_EXERCISE BRIEF_
From the line with "Autentické Thajské zelené" to the final line of the data below, please write out every line exactly, with no pictures.
*** MATERIAL SHOWN Section Begins ***
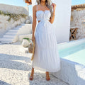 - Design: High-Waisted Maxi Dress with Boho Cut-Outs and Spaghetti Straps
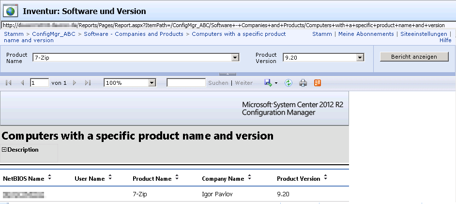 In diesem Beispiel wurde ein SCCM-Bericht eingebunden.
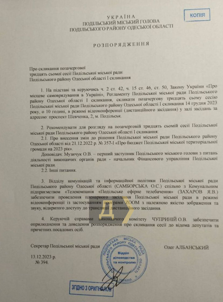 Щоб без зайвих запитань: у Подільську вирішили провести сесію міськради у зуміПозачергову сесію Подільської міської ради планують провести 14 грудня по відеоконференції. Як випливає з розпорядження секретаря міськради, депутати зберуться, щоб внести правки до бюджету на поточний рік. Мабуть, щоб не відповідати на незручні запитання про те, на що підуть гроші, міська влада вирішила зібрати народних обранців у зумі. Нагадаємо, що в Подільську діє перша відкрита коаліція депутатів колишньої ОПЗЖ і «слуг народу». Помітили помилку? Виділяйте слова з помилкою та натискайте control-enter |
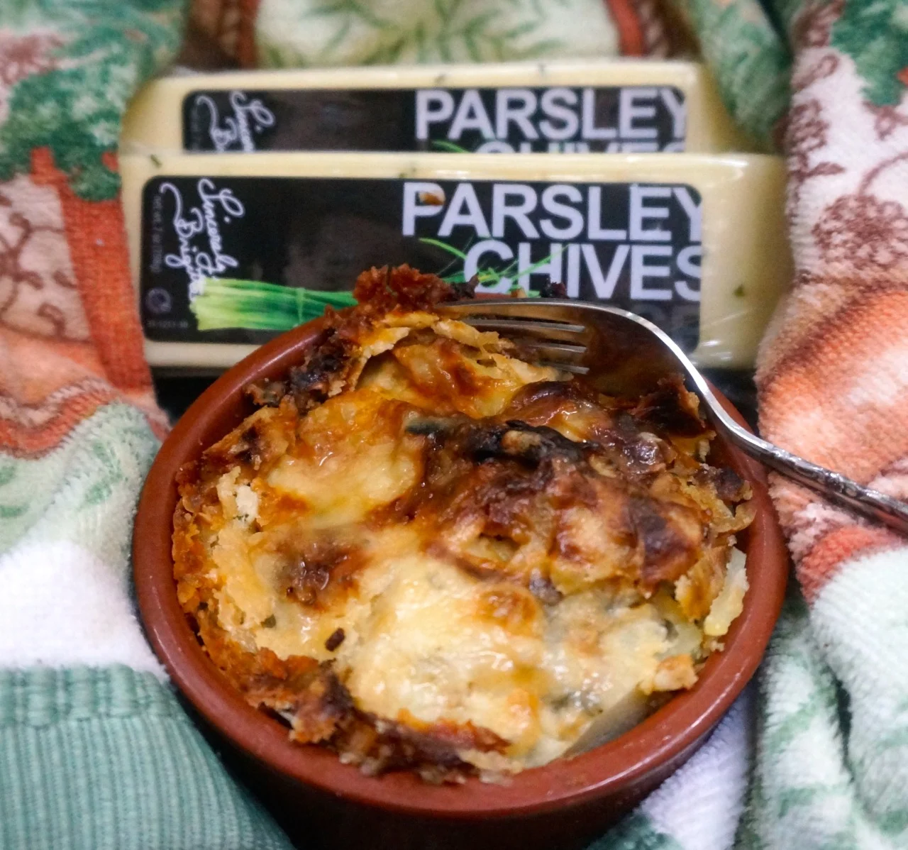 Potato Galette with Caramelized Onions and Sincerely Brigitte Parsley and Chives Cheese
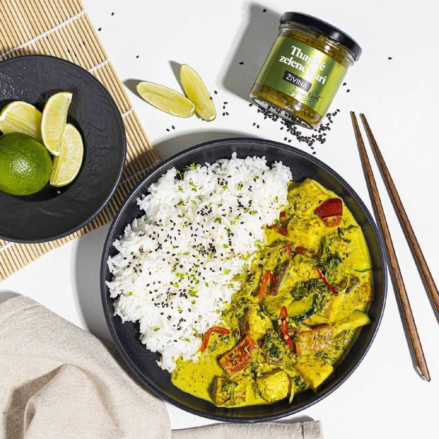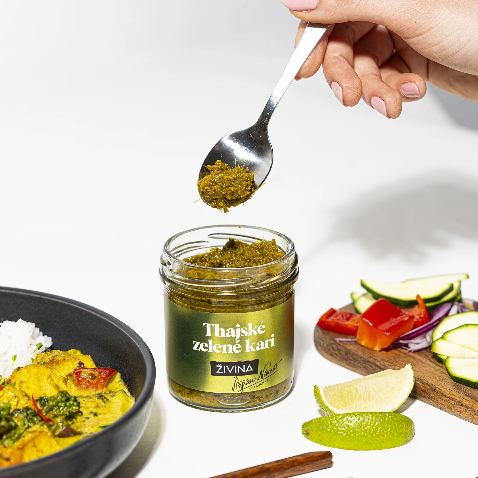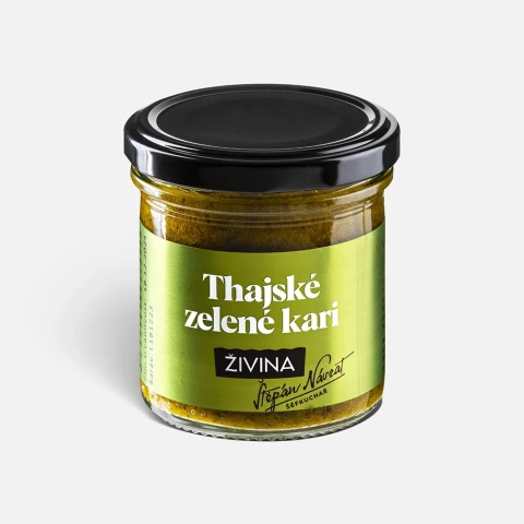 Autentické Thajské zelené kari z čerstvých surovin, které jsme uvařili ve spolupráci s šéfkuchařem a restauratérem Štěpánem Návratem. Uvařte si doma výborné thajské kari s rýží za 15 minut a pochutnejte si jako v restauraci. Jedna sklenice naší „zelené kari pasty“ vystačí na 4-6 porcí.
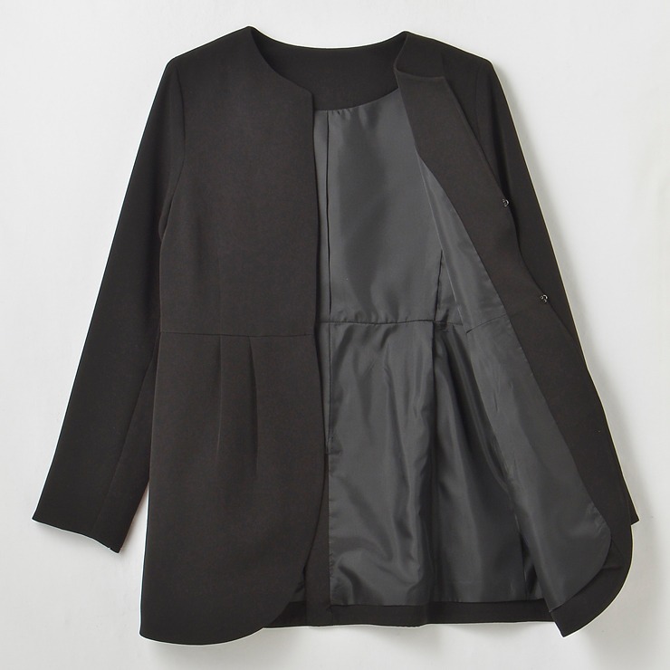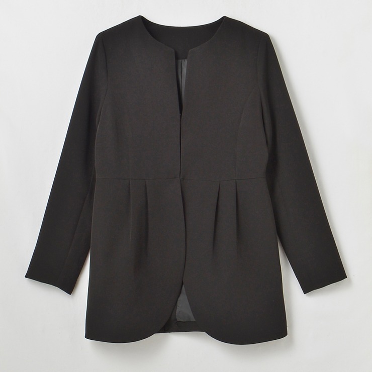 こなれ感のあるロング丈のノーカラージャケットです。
*** MATERIAL SHOWN Section Ends ***
_SOLVED PROBLEM_
 Autentické Thajské zelené kari z čerstvých surovin, které jsme uvařili ve spolupráci s šéfkuchařem a restauratérem Štěpánem Návratem. Uvařte si doma výborné thajské kari s rýží za 15 minut a pochutnejte si jako v restauraci. Jedna sklenice naší „zelené kari pasty“ vystačí na 4-6 porcí.
 こなれ感のあるロング丈のノーカラージャケットです。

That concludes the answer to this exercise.